Are you overlooking your most valuable business asset?

Make your data work harder for you.

Data strategy

Most businesses have well-established processes, seemingly optimised over many years. However, this optimisation has been focused on maximising your capital assets – whether financial, physical, or human – in their current, traditional capacity. However, this rather overlooks how to use them to create new processes and efficiencies – and ultimately greater business value.

Central to this is the one business asset that many organisations often overlook: your data. And when used, understood and shared in the right way, data is arguably your most valuable asset. Here’s why.

Key Takeaways:

  • Data is your most valuable business asset.
  • The key to making smarter tactical and strategic decisions is data.
  • Create greater business value and push forward in a new data-driven marketplace.
  • Automate your manual process so your data is more secure and easily accessed

Using what you have

Whether it’s visible or not, every business is sat on top of a mountain of data – raw information covering sales, customers, services and finances data for starters. But it tends to be tied up, either in separate applications or carried around in the heads of your employees.

On a departmental level, this system just about works. But as customers become more demanding, the pressure to adapt quickly increases. Which means you have to be able to balance long-term plans with immediate action – which of course can have much wider implications in terms of reimagining business models.

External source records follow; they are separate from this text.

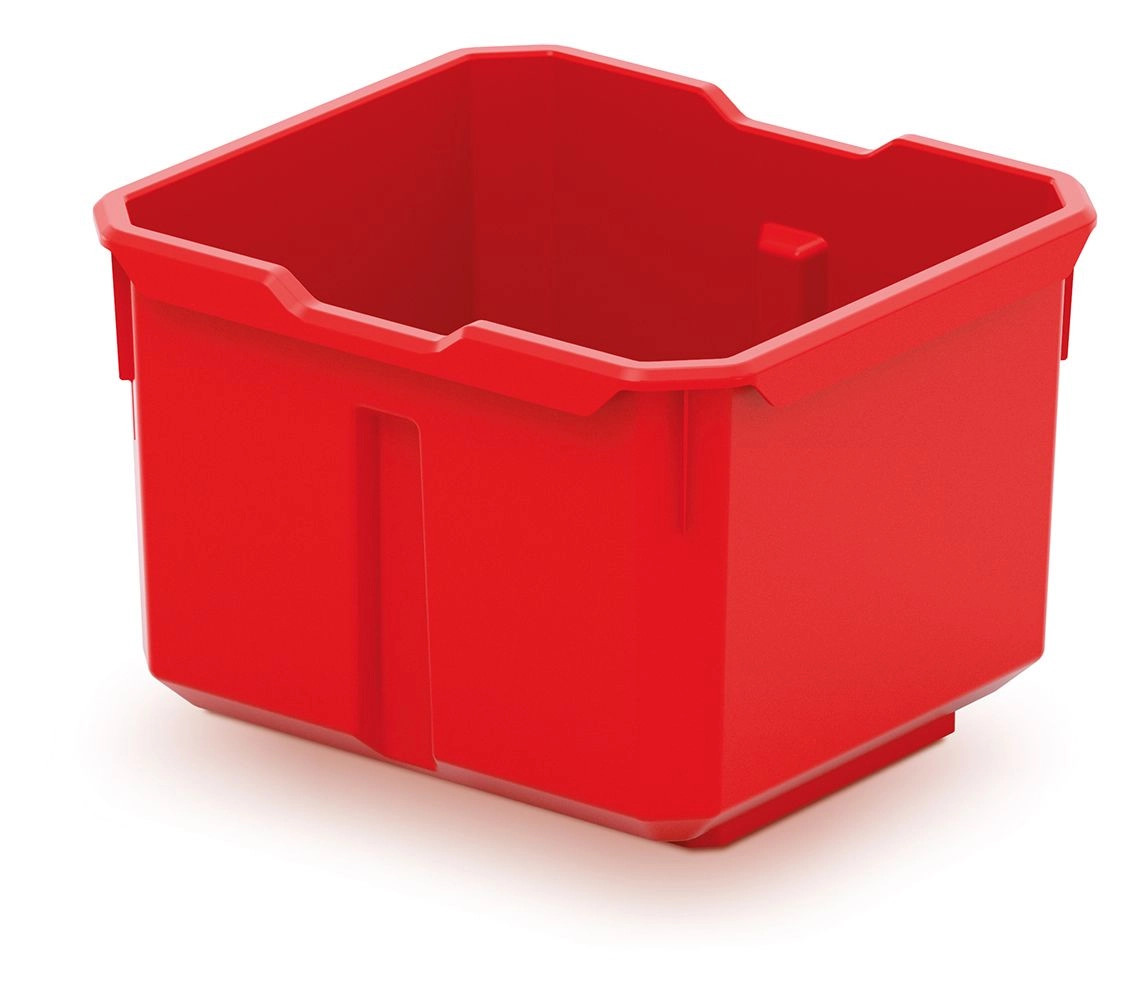 Grazie alle dimensioni compatte di 157 × 140 × 210 mm, sfrutti lo spazio in modo efficiente e mantieni l’ordine nell’ambiente di lavoro. La plastica resistente garantisce una lunga durata anche con uso quotidiano; inoltre la finitura nero‑rossa a contrasto migliora la visibilità del contenuto.
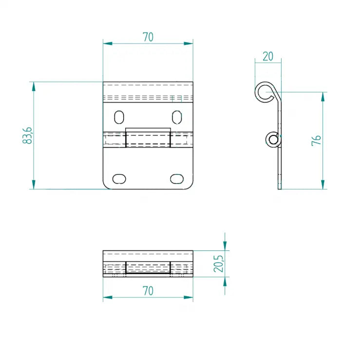 • Origineel ConDoor-scharnier voor panelen zonder vingerbeschermingssysteem
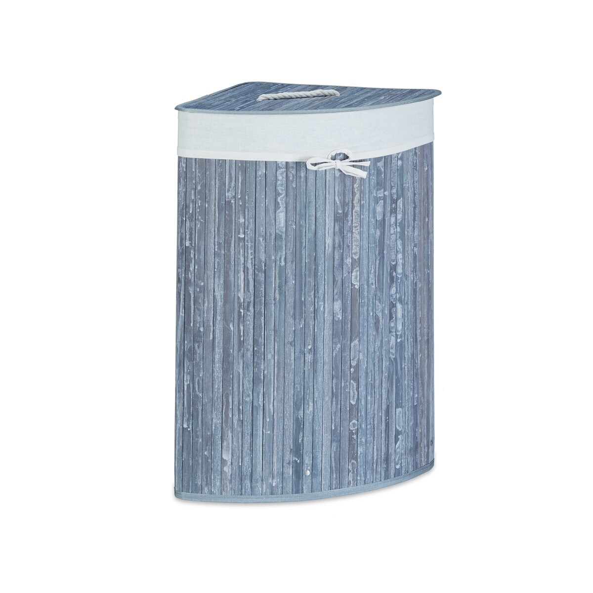 Relaxdays Eckwäschekorb Bambus, faltbare Wäschebox 60 l, platzsparend, Wäschesack Baumwolle, 65 x 49,5 x 37 cm, grau

The key to making smarter tactical and strategic decisions is data. After all, the better a situation is understood, the more appropriate the response. Key business insight comes from being able to view the situation from all angles – which means being able to access, analyse and use data from across the business.

It’s also important for businesses to get smarter about how they share and use information internally. Which is where the humble mailroom comes in – as the single largest data repository (or, put it another way, window onto customer, market and employee intelligence) that’s available in most organisations, but we’ll come to that in a moment.

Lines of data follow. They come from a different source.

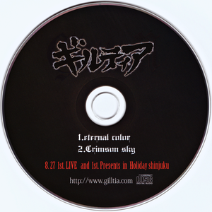 ギルティア (Gilltia) was a Japanese visual kei band, formed in 2008. Members: Vo. 遥 -Haruka- (RED → ギルティア → D'eiz) Gu. Vivi Gu. 唯 -Yui- (Ruincrear → ギルティア) Ba. 暢 -Nobu- (Meteor-ミーティア- → ギルティア → Luzmelt (暢-nov-)) Dr. nayuki (Meteor-ミーティア- → ギルティア) Their activities started with a live distributed single Escape from the Cage. Their first single CLOWN was released in April 2009, followed by 雪月花 (Setsugekka) in May. The 3rd single Cold Room was scheduled for release at the end of June but they stopped the sale and distributed it at lives instead. Bassist Nobu decided to leave the band, and shortly after the rest of the members, except for Haruka, decided to leave as well. They disbanded after their first oneman on 8/25. Official Site: https://root.theworkpc.com/music/preview?img=http://www.gilltia.com/ Official Myspace: https://root.theworkpc.com/music/preview?img=http://www.myspace.com/gilltia Read more on Last.fm. User-contributed text is available under the Creative Commons By-SA License; additional terms may apply.
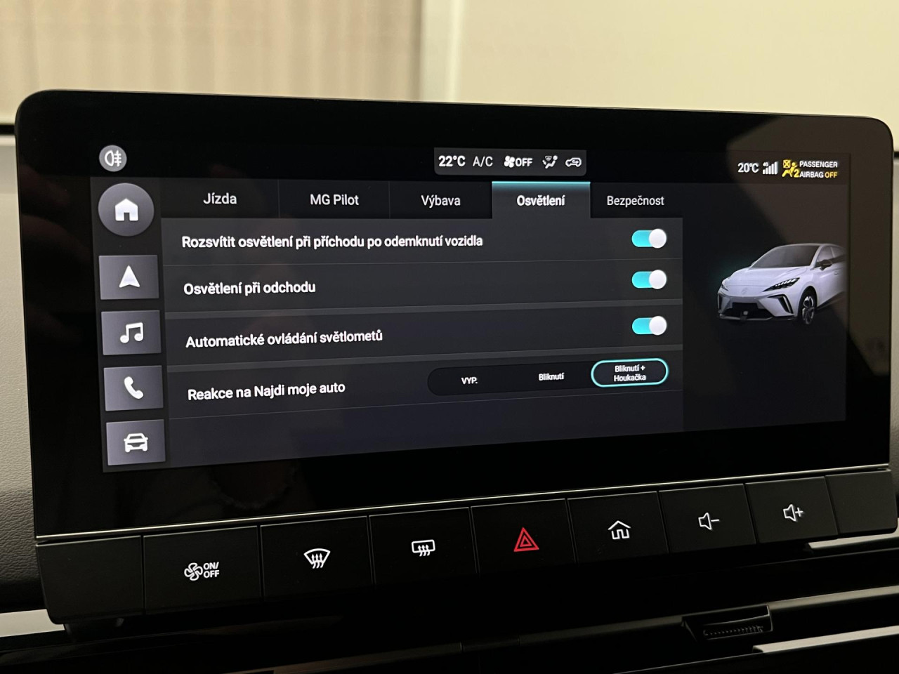 Skladový vůz s okamžitou možností odběru, 7letou zárukou a asistenční službou zdarma. Vozy MG vynikají bohatou výbavou a zajímavou cenou, a proto je ideální doba ke koupě nového vozu. Údaje obsažené v této kartě vozu mají informativní charakter a nemohou zachytit veškeré detaily stavu vozidla. Podrobný popis stavu bude ověřen až v okamžiku poptávky koupě. Z této indikativní nabídky nevzniká nárok na uzavření smlouvy. Navštivte nás v Orbion Cars – pobočka Brno, těšíme se na Vás. Možnost převzetí vozu v Brně nebo v Praze.
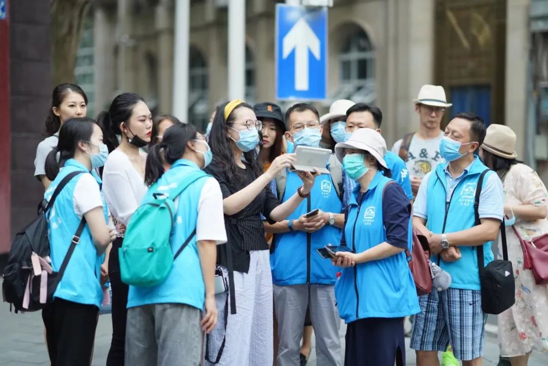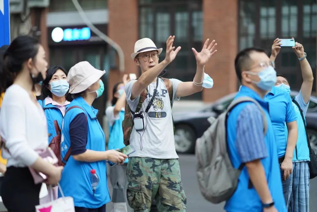 如她一样,当下“City Walk”30多人的志愿者队伍中,既有名牌大学学生、中学历史老师,也有职业经理人、警察等。每年,城市导览活动都会公开招募对老建筑和城市历史文化有兴趣、热心公益的志愿者,但仅有个位数的“幸运儿”在经过简历筛选、面试、试讲等重重考核后,从百位竞争者中脱颖而出,加入这个“大家庭”。
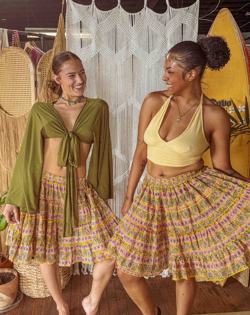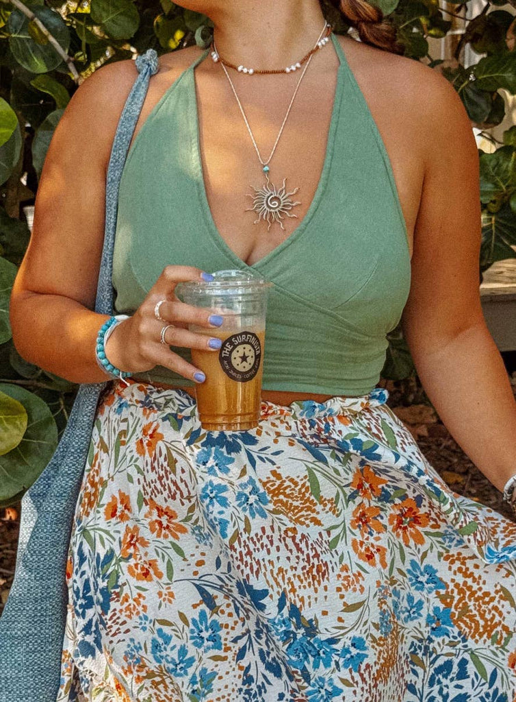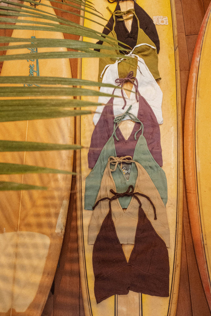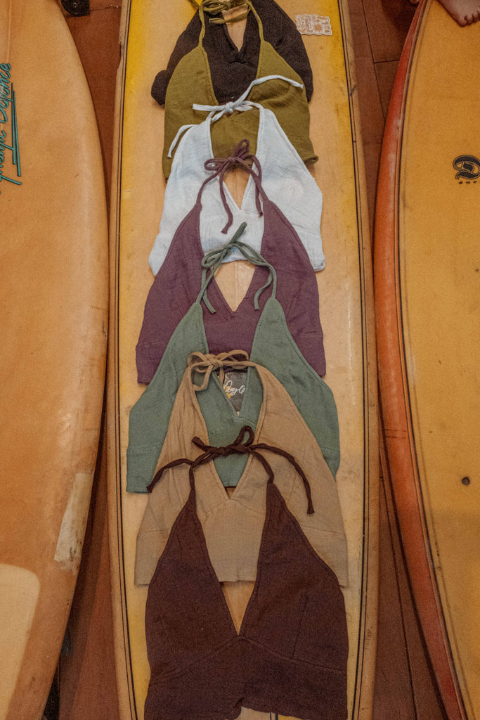 Cozy layering staple! In a soft buttery organic cotton bamboo fabric, this halter top is perfect for summery days to pair with your favorite vintage high rise denim, or as a layering piece. Tie to fit in the back for comfort and cuteness!
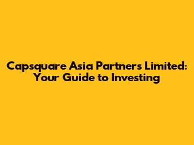 Capsquare Asia Partners: Your Guide To Investing
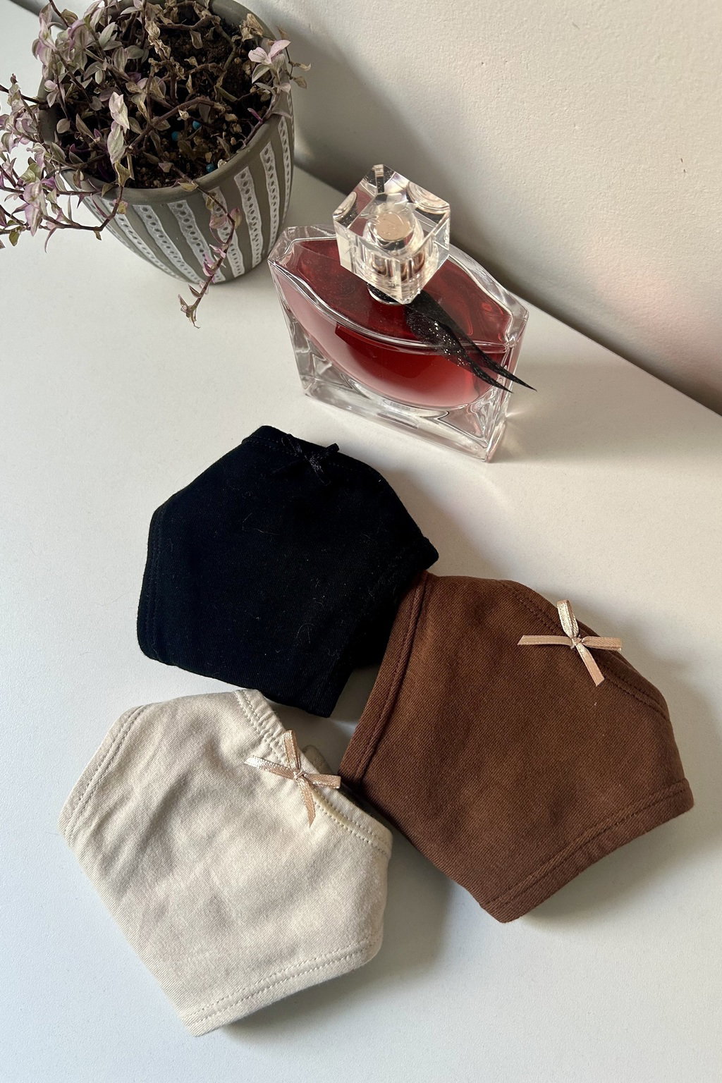 Este pack incluye: 3 less en tonos clásicos: Negro - Chocolate - Beige

First things first - digitisation

So, loads of businesses already have loads of data – but there’s likely to be plenty more that you’re missing. Indeed, any aspect of a business that still relies on manual processes creates potential blind spots. Without a truly end-to-end view of your operations, how can you hope to realise new efficiencies?

Using technology to automate manual processes yields obvious benefits, including greater operational accuracy and efficiency. Take your mailroom, usually a discrete, low-priority aspect of your operations. Humble it may be, but it is also a vital hub for inbound and outbound communications with clients.

This makes the mailroom an ideal testbed for digitising business operations. Using Pitney Bowes’ Secure Outsourced Mail Platform and Inbound Document and Data Workflow solution, mean you can streamline and automate mail handling. This not only increases efficiency and lowers operating costs, but it makes critical data insight readily available for users across the rest of the business. This in turn helps highlight core business challenges different departments are facing (but not necessarily telling the board about), as well as helping kickstart the process of positive change that will help you grow and prosper.

Consider a typical customer complaint letter addressed to the service team. Aside from the complaint itself, the letter will also include valuable insights that can help evolve product design and marketing. A digitised mailroom unlocks such business-critical insight that, were it to remain in the addressee’s inbox, would mean missed opportunities for improvement in product and customer service.

And these kinds of insights are hiding across the business. So, don’t ignore your most valuable business asset; it can really push everyone in your business forward in the new data-driven marketplace.